## Data extract
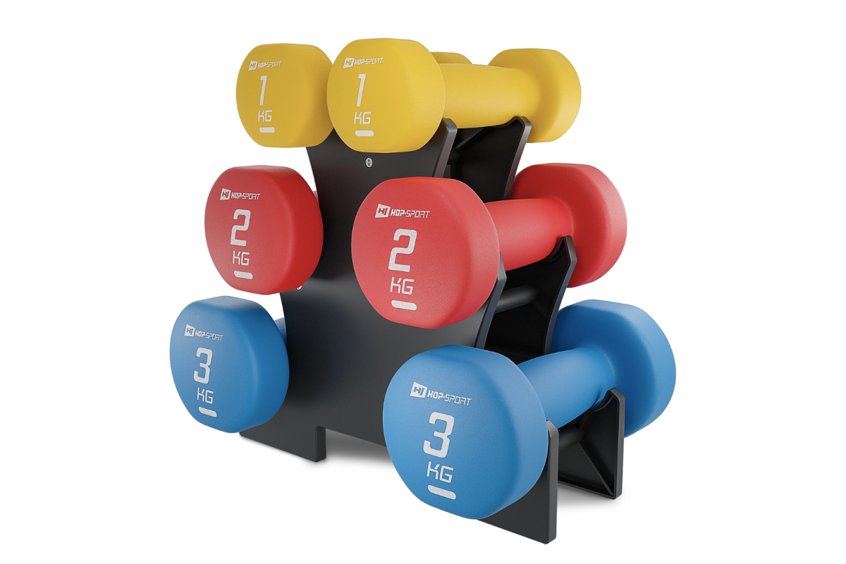 Зануритеся в світ енергії та сили з найновішим набором круглих фітнес-гантелей з підставкою вагою 12 кг! Придбавши набір гантелей Hop-Sport, ви отримуєте не лише фітнес тренажер для удосконалення своєї фізичної форми, але й ключ до здорового, активного способу життя. Завдяки різноманіттю вправ з гантелями ви зміцните м'язи і отримати струнку фігуру. Кожна гантель має ідеально збалансовану вагу, що дозволяє вам точно налаштувати інтенсивність вашого тренування. Крім того, практична підставка допоможе організувати простір для тренувань, щоб ваші гантелі завжди були під рукою. Чавунні гантельні пари вагою 1 кг, 2 кг і 3 кг підходять для різних форм аеробних тренувань, йоги, пілатесу, ізолюючих тренувань, а також тренувань на розтяжку і релаксацію з невеликим навантаженням. Правильно профільована рукоятка і неопренове покриття забезпечують безпеку і комфорт під час кожного тренування.
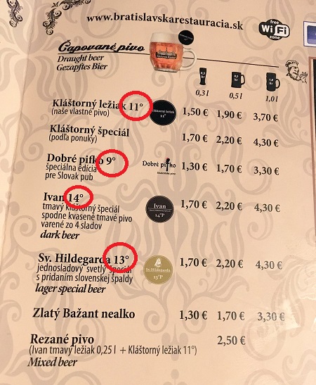 チェコとスロバキアのビールに記載されている数字は、「バリング度」という、発酵前の麦汁の糖度を表す数値だとわかりました。このバリング度が高ければ高いほど、味が濃くなり、アルコール度数も高くなるようです。
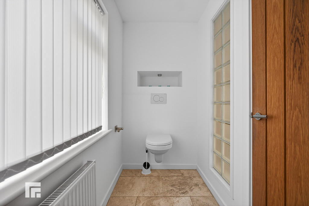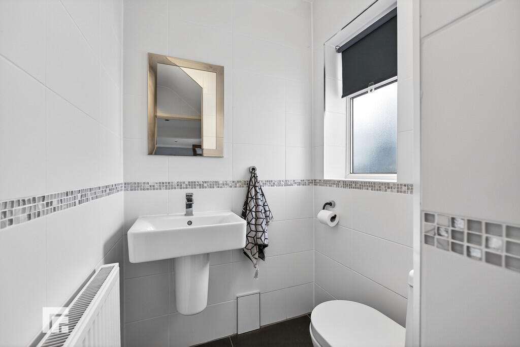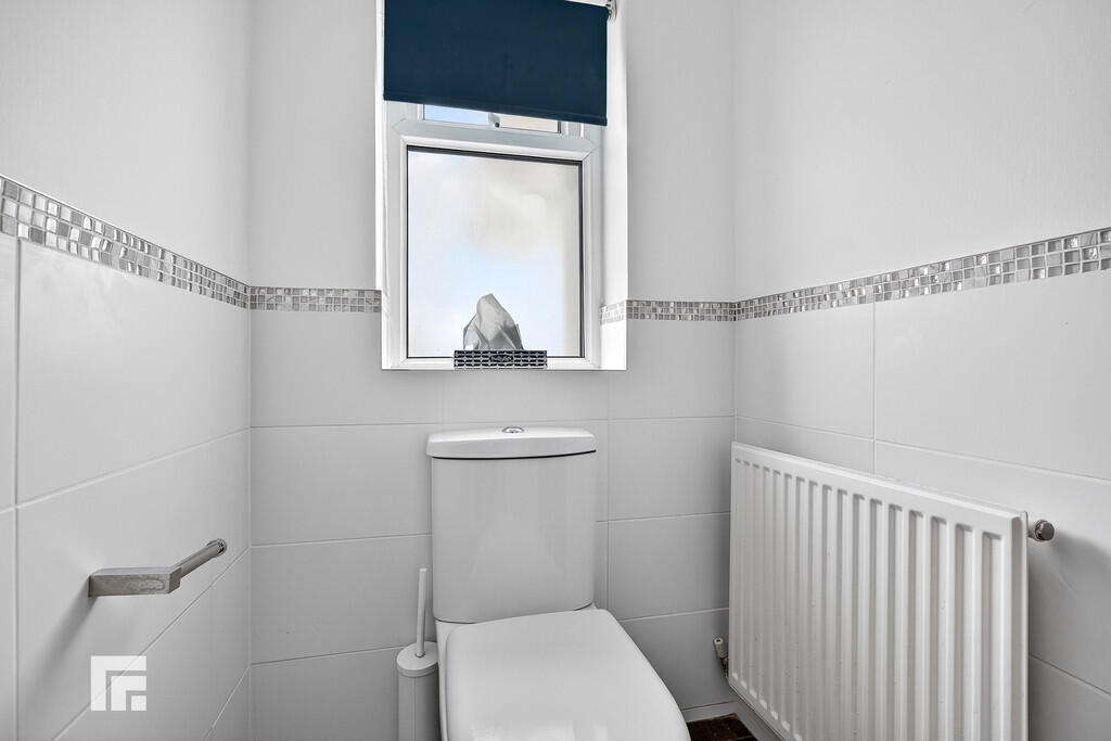 CLOAKROOM Modern white suite comprising low level wc and wash hand basin. Tiled flooring. Full wall tiling. Obscured glass window to front. Under stairs storage cupboard. Radiator.
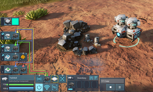 P1 - the type of ore you want to mine Select a storage place at the default "store" field Connect only the second parameter to the "visual" field Works best if you have a LOT of them ;) Please note: you can set your Robotics Factory to mass-produce the bots if you save them with this script running as a blueprint - they will wait until you assign a dropoff point, and they'll even tell you what they're doing^^

## Aim of the exercise
Could you write out every line above exactly as it stands, with no images?

## Result of the exercise
 Зануритеся в світ енергії та сили з найновішим набором круглих фітнес-гантелей з підставкою вагою 12 кг! Придбавши набір гантелей Hop-Sport, ви отримуєте не лише фітнес тренажер для удосконалення своєї фізичної форми, але й ключ до здорового, активного способу життя. Завдяки різноманіттю вправ з гантелями ви зміцните м'язи і отримати струнку фігуру. Кожна гантель має ідеально збалансовану вагу, що дозволяє вам точно налаштувати інтенсивність вашого тренування. Крім того, практична підставка допоможе організувати простір для тренувань, щоб ваші гантелі завжди були під рукою. Чавунні гантельні пари вагою 1 кг, 2 кг і 3 кг підходять для різних форм аеробних тренувань, йоги, пілатесу, ізолюючих тренувань, а також тренувань на розтяжку і релаксацію з невеликим навантаженням. Правильно профільована рукоятка і неопренове покриття забезпечують безпеку і комфорт під час кожного тренування.
 チェコとスロバキアのビールに記載されている数字は、「バリング度」という、発酵前の麦汁の糖度を表す数値だとわかりました。このバリング度が高ければ高いほど、味が濃くなり、アルコール度数も高くなるようです。
 CLOAKROOM Modern white suite comprising low level wc and wash hand basin. Tiled flooring. Full wall tiling. Obscured glass window to front. Under stairs storage cupboard. Radiator.
 P1 - the type of ore you want to mine Select a storage place at the default "store" field Connect only the second parameter to the "visual" field Works best if you have a LOT of them ;) Please note: you can set your Robotics Factory to mass-produce the bots if you save them with this script running as a blueprint - they will wait until you assign a dropoff point, and they'll even tell you what they're doing^^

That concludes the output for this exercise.